Dickens’s Victorian Novel versus Lean’s Modern Film Adaptation
DOI:
https://doi.org/10.46991/AFA/2018.14.1-2.126Keywords:
Dickens, Lean, postwar, Victorian, grotesque, modern, adaptation, audience, modernization, differenceAbstract
Charles Dickens’s Great Expectations pinpoints his Victorian literary heritage. On the other hand, David Lean’s film adaptation of Dickens’ novel conveys it realistically in a period of post War II cinematic modernization.

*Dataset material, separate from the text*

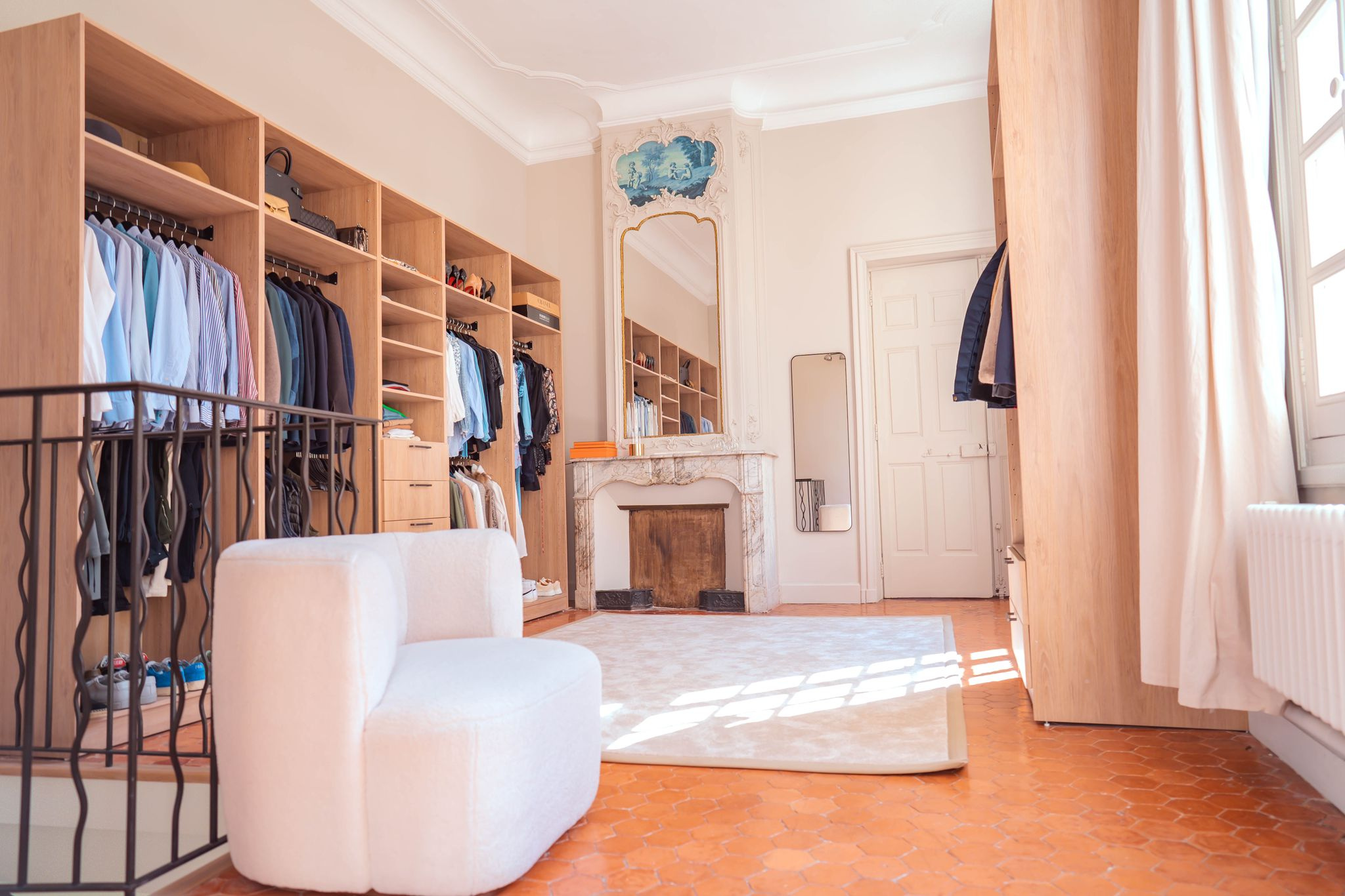 A l'étage la suite parentale se compose d'une grande chambre, d'un dressing, d'une salle de bain, d'un espace bureau et d'un joli balcon offrant un point de vue charmant sur les lieux.

In the present paper, different points are discussed and presented; First, different critical opinions, by earlier and modern critics, as well as David Lean’s personal opinion about film adaptation are revealed and discussed. Second, Dickens’s eccentric and grotesque Victorian characters that are presented through Lean’s visually and thematically rationalized postwar characters. Third, Dickens’s extraordinary characters are contrasted with Lean’s realistic ones. Moreover, Lean’s modernistic touches to the Dickensian novel which cater the postwar audience’s need (for which reason Lean’s film is a completely intellectual one and not at all Dickensian) are also unveiled.
Thus, trying to put some hope in the hopeless hearts of his audience in the aftermath of the Second World War, Lean’s modernization of the Dickensian era to fit in the world of his contemporary audience is proven.